California Chrome, who drew the No. 5 post on Wednesday, is riding an impressive four-race win streak and leads in the qualifying points. Hoppertunity, who drew the 11th post and was listed as a 6/1 favorite, was scratched from the race because of a problem with his left front foot, trainer Bob Baffert announced Thursday morning.

Another horse co-owned by Pegram, Midnight Hawk, was listed No. 14 in points, but is not running the derby.

California Chrome, a chestnut colored colt with four white stockings, has won six of his 10 starts (all in California), and has been virtually untouchable while winning his last four races by a combined margin of nearly 25 lengths:

■ Santa Anita Derby at Santa Anita Park in Arcadia, Calif., won by 5-1/4 lengths over 1-1/8 miles.

■ San Felipe Stakes on March 8 at Santa Anita Park, won by 7-1/4 lengths ahead of Midnight Hawk over 1-1/16 miles in a time of 1:40.59. The race record of 1:40.11 was set in 2005 by Consolidator.

■ California Cup Derby on Jan. 25 at Santa Anita Park, won by 5-1/2 lengths over 1-1/16 miles.

■ King Glorious Stakes on Dec. 22, 2013 — “the last stakes race at Hollywood Park, and he won it,” Coburn points out — winning by 6-1/4 lengths.

By the way, the runner-up finishers in those two most recent races were Hoppertunity in the Santa Anita Derby and Midnight Hawk.

“California Chrome has been very impressive.
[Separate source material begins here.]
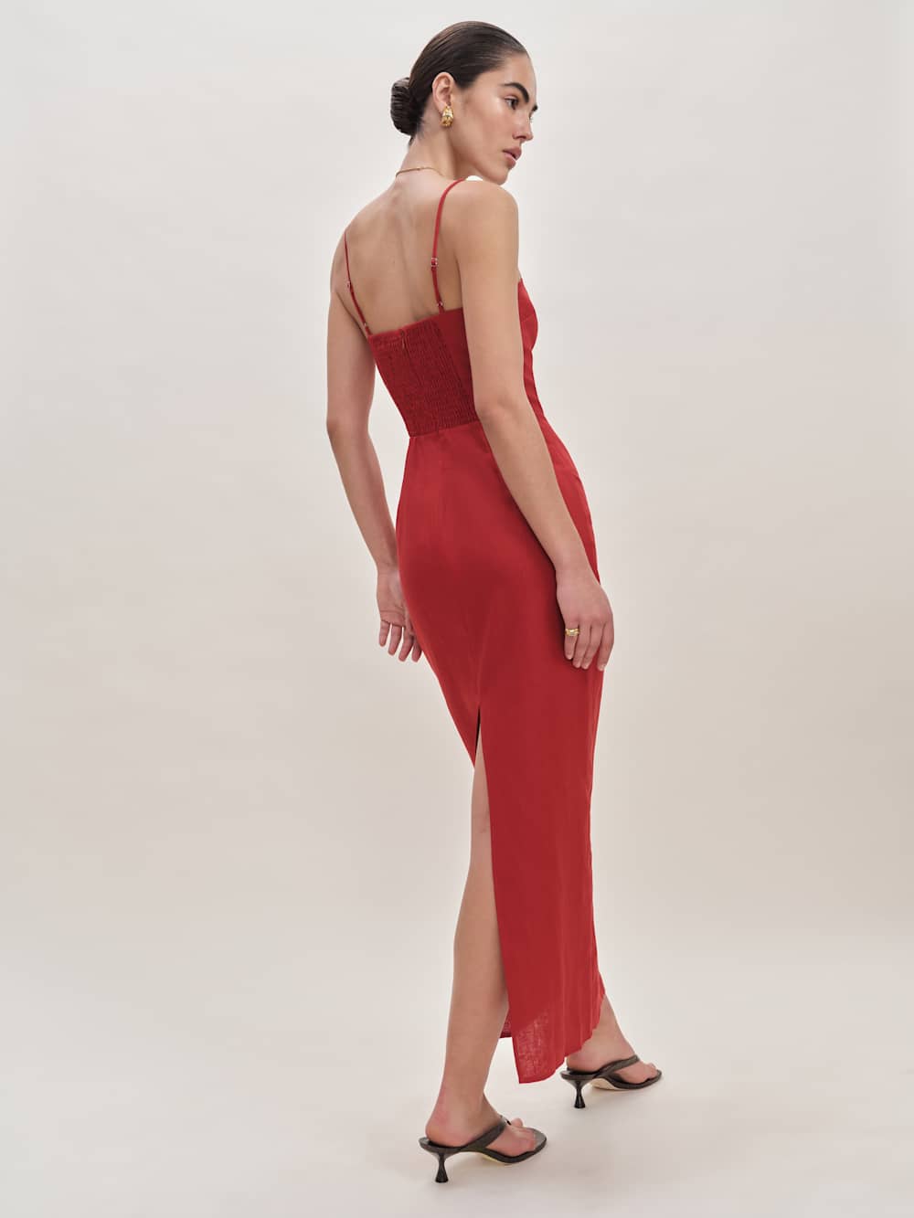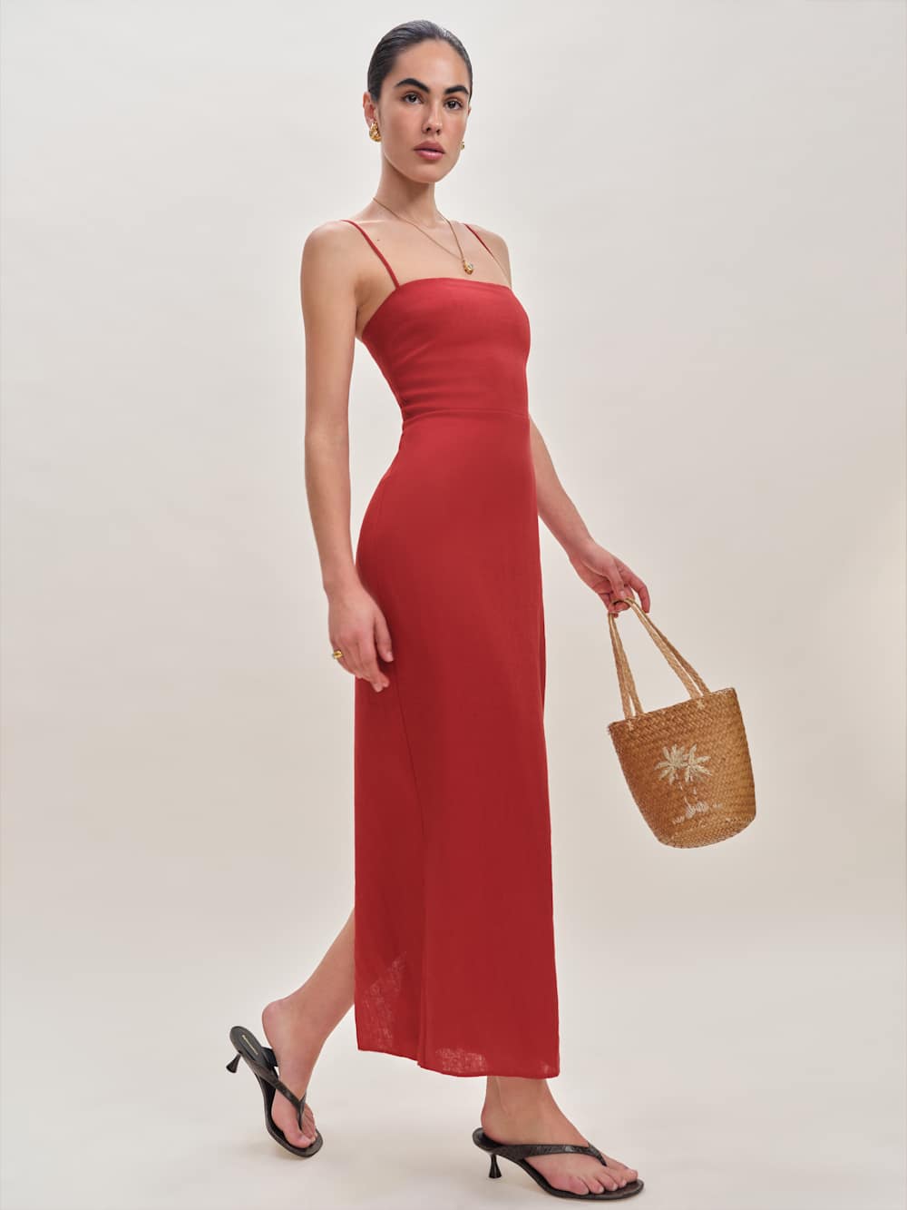 Wear me. Shop the Petites Frankie Linen Dress from Reformation, a slim-fitting dress with a straight neckline, non-adjustable straps and a center back slit.

He’s a beautiful-moving horse,” Pegram said. “We think Steve is rightfully the favorite.”

California Chrome has an impressive team with jockey Victor Espinoza, who won the 2002 Kentucky Derby aboard War Emblem. And his trainer is 77-year-old veteran Art Sherman.

“He’s in very good hands with our trainer, Art Sherman,” Coburn said.

Sherman mixed optimism with caution when he spoke to Los Angeles Times columnist Bill Dwyre in a recent interview.

“My horse has that something special, that look of a real runner,” Sherman said in a column that published in the Times on April 2, “and he has changed so much recently, grown up and filled out, that he doesn’t even look like the same horse.”

Coburn believes the best of California Chrome is still to come.

“He has not begun to peak yet,” Coburn said. “He’s slowly going forward, doing his job. And he loves his job. He loves to run.”

Pegram and Coburn are more than aware there is still a long way to go before Saturday.

“It could be something as simple as a stone bruise, or the horse gets a cough, and you’re out,” Pegram said. “I’ve gone to Derby as the favorite and I’ve gone as the underdog, and I’ll tell you, it’s a helluva lot more exciting going as the underdog.”

Hoppertunity arrived in Louisville on April 21 and California Chrome on April 29. In addition to his second-place at Santa Anita, Hoppertunity ran to victory at the Rebel Stakes on March 15 at Oaklawn Park.

“It is a media storm,” Pegram said. “When he hits there, (as the favorite) he’s going to see things he never imagined. With all the media pressure on your time, you really don’t get a chance to relax.”

Ah, but the excitement of being at Churchill Downs on Derby Day is another story entirely.

“When those horses turn for the homestretch, believe me, it’s a thrill,” Pegram said. “The whole weekend is a thrill. That’s why they call it the most exciting two minutes in sports.”